The old rabbi, smoothing his white beard, looked at the young priest and saw trouble in the young man’s eyes.

“Nu, so tell me what it is you want to ask?”

 “Well, rabbi,” said the priest a little hesitantly, “it seems to me that when you say prayers at the dinner table or in synagogue or in front of the school assembly, you and the others, you all  race through the liturgy so quickly it sounds just like the humming of bees.  It hardly seems that you listen to your own words.  Maybe it’s because my own Hebrew is purely academic and I can’t follow very well.” 

“No, no,” says the rabbi, “I think you are right, but please do go on. ” 

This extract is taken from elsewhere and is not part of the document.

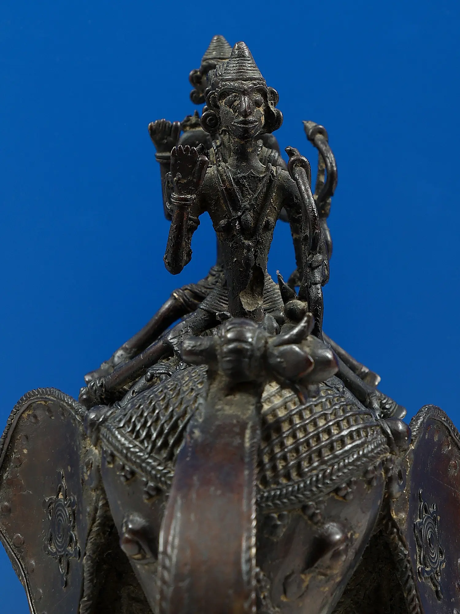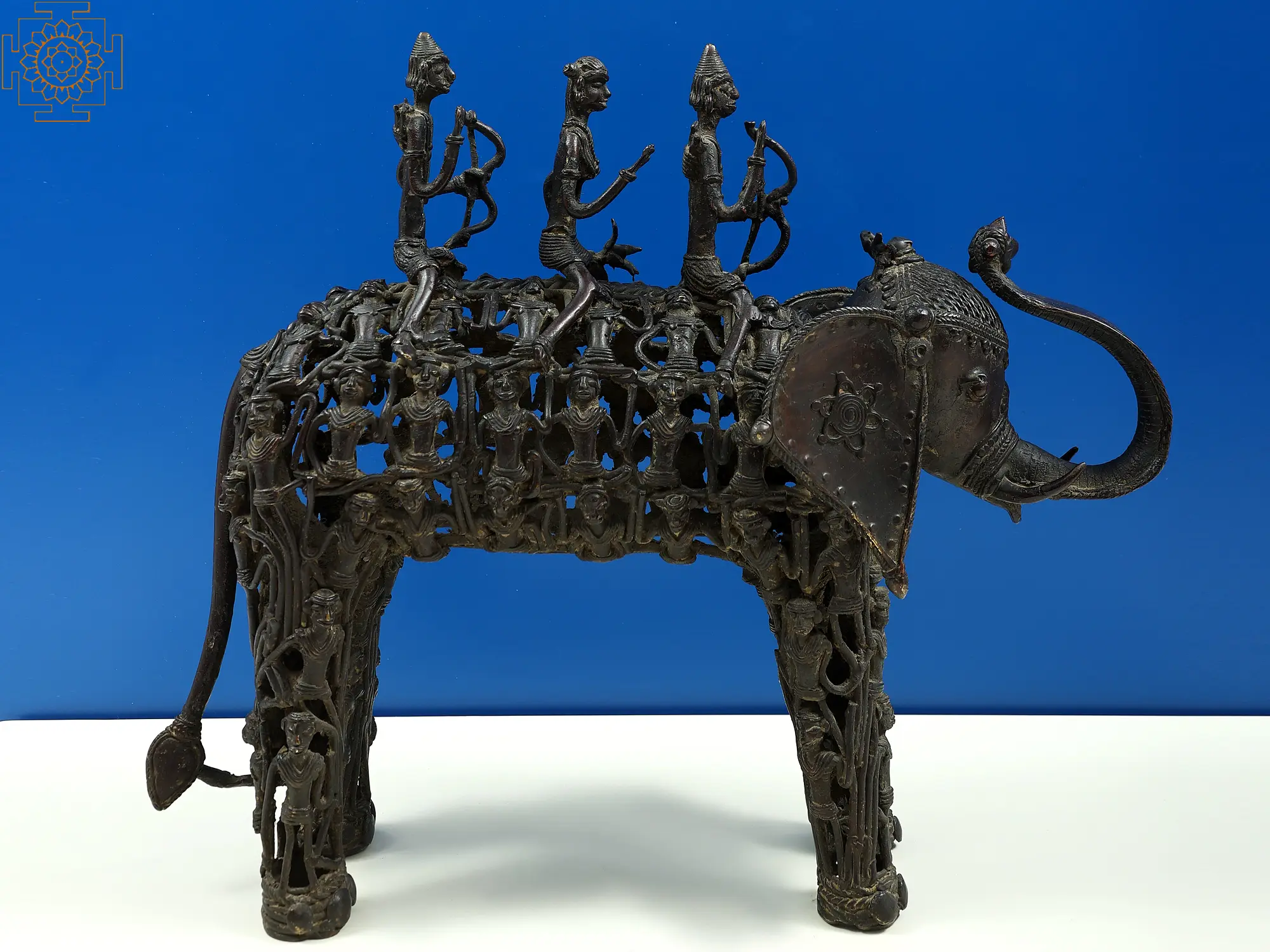 This spectacular brass artwork is a masterwork that transcends time and culture. Crafted with precision, this magnificent sculpture portrays tribal warriors, armed and poised, sitting on a majestic elephant, its trunk uplifted as a sign of might.

 “Well, when you go to your study classes—what you call learnin—you and the others start to pick apart every sentence, you parse the syntax and grammar and argue over every tittle and jot of the text.  In fact, you don’t get very far in a session.  You just don’t let go and keep asking questions, pulling down other books and searching for similar usages, following allusions, and, frankly, I don’t see what you are getting at.  I don’t mean to be disrespectful at all, rabbi, but please tell me what is going on.” 

The rabbi laughed. 

He slapped the priest on the shoulders and said: “Oy, this must be confusing to a goy like you, please excuse the expression.  For us it is very simple.  Let me try to explain.  When we go through what you call our liturgy, our prayers and meditations, we just half hum them and half sing the words.  Why?  That’s a very good question.  You are a very observant young man, and I hope you will have a blessing on your head for it.  When we pray we are talking to God, and He, Blessed be His Name, He knows what we are saying and also more important, what we are trying to say, and He has heard these words thousands and thousands of times before.  We are really just reminding him that we are here and we remember our obligations to him.  He makes the distinction between we mean and what we imperfectly say.  But, on the other hand, my dear young man,  when we Jews sit down to study the holy texts, that is altogether another kettle of fish altogether.  Those sacred books represent and indeed are God speaking to us.  In them, He is telling us what to do and what not to do and why.  How in the world can we figure out what he means unless we pull apart and recontextualize  everything?  We have to look at the words on the page, the letters that make up the words, the shape of each letter and the pattern of sentences in each text, compare them to similar texts, and so on.  Then moreover we have to try to figure out how to apply these meanings we start to extrapolate from the texts to the specific time-bound situation we find ourselves in and thus the parameters of what is possible.  Since we probably don’t ever get it just right, nu, so the next discussion has to start all over from the beginning.“

The young priest stared in amazement.

“Thank you, so much, rabbi,” he said, getting up.  “I must go back to say evening mass.”